# hobby/craft/art stores & incorporating fabric into hardbaits



## pizza (Apr 4, 2008)

There are 4 hobby type stores very close to each other near 161 and Sawmill Road in Columbus. Hobbyland, Dick Blick's, Michaels, and Hobby Lobby. I was pretty good and only bought a few things. Some 1/32" and 1/16" thick balsa strips, some bronze glitter (Martha Stewart brand lol), some bronze and silver rattle cans, a couple 1/8th of a yard things of fabric mesh for trying scale patterns, some other fabric that has silver sequins that I'm going to try to use on the sides of my baits, and some "filigree angel wings" (doll accessories) that I'm gonna use for stenciling spots. There was so much more I wanted to get - lots of ideas walking through the isles. Now I just need to find some lexan for lips. Hobbyland had 0.030" thickness lexan which seems a little too thin for bass cranks...may work well for ultralight cranks though.

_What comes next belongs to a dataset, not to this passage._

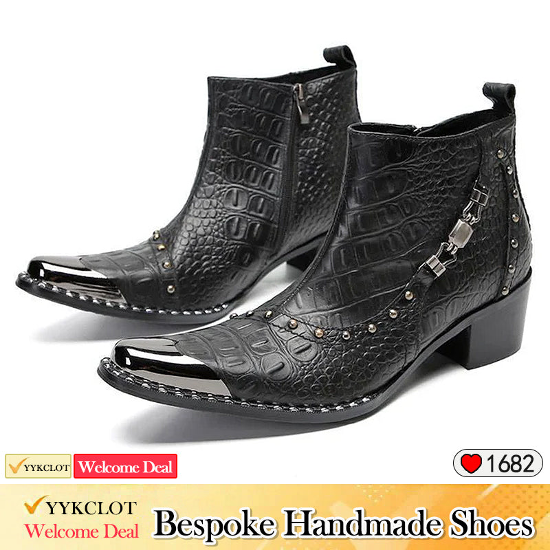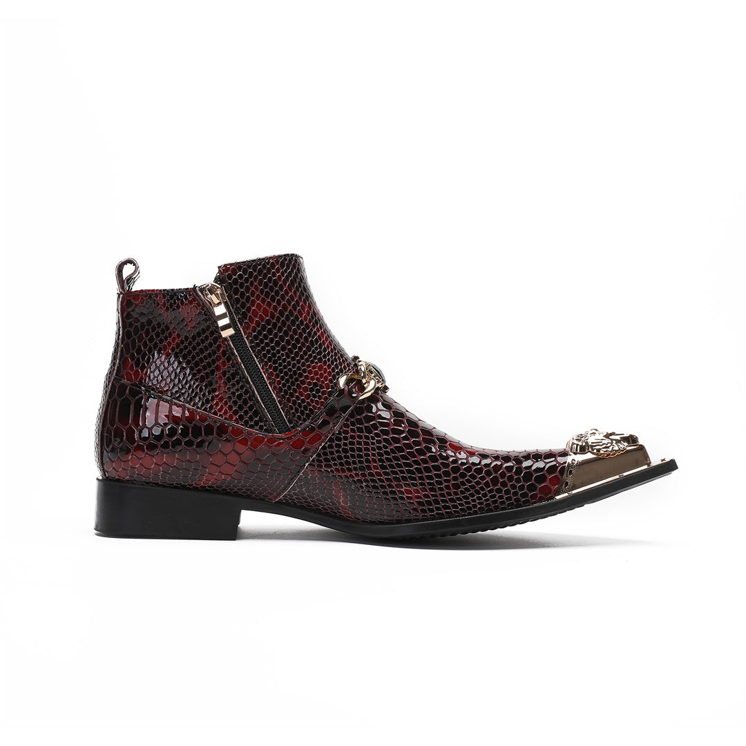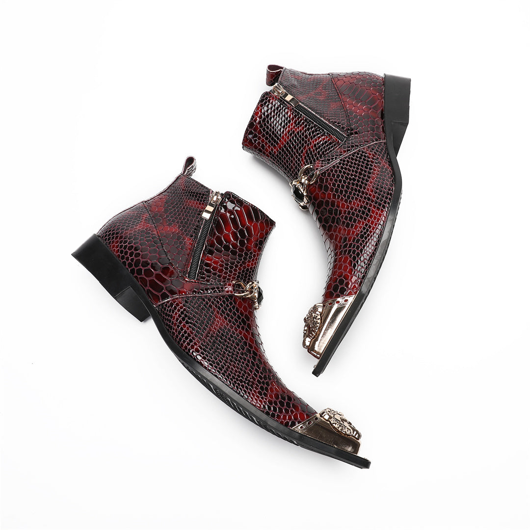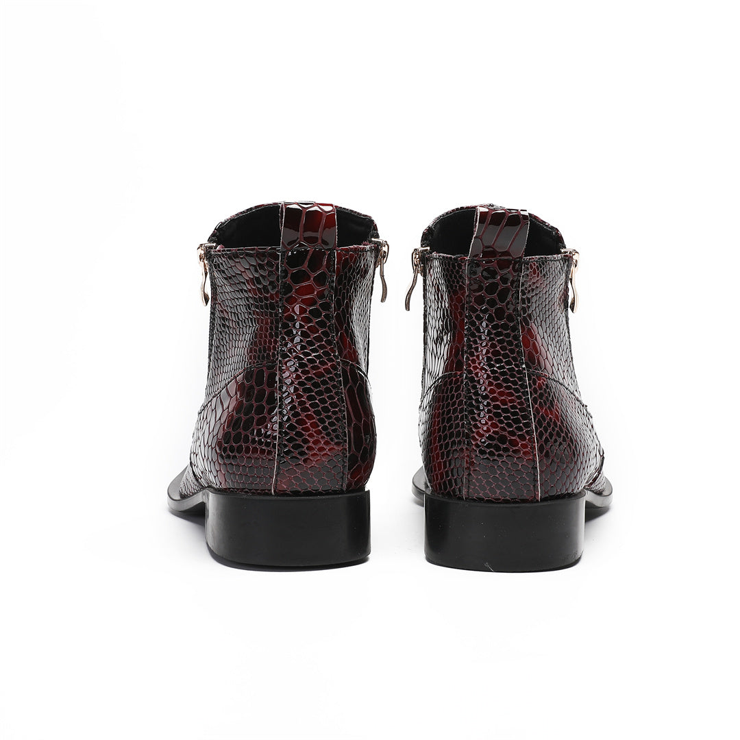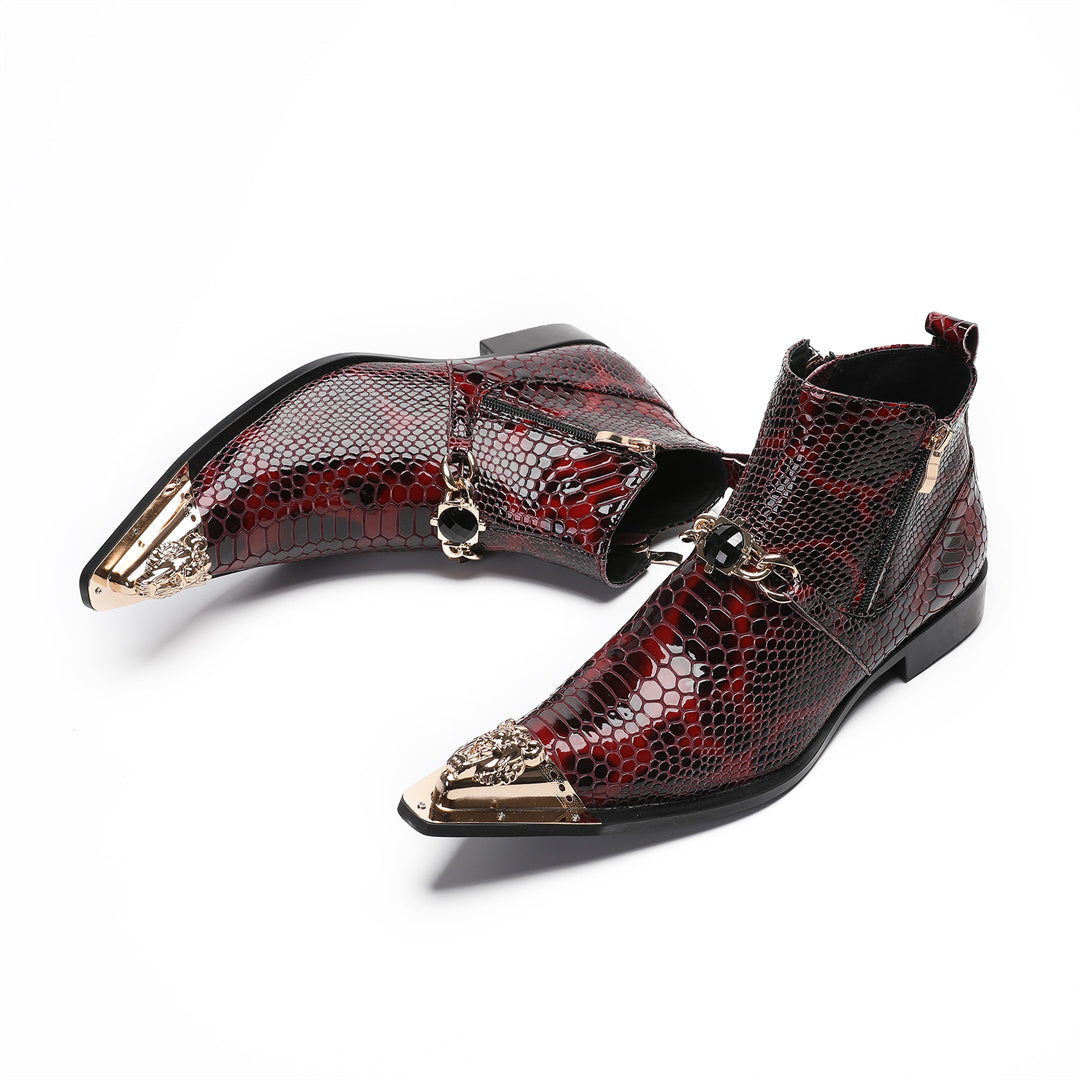 Wine red fashion pointed leather shoes men's low boots

Anyone ever incorporate fabric into their baits? How is it best done? What about cross-ply fiberglass -the kind used for body work repair on cars?

I'm thinking I can just use a glue stick (spray glue if that doesn't work)to glue it on but am not sure how well the D2T epoxy will take to it. I'd rather use just 1 coat.

thanks.


----------



## hazmail (Oct 26, 2007)

Pizza - I found some 'Sari' cloth a few years ago, and glued it on (contact glue) a few 2" lures - I never coated it as it would have doubled the weight of the lure.
The cloth had sequins all over it and was a darker blue/green color, caught a few trout with them trolling too. I could get a picture if you need one. pete


----------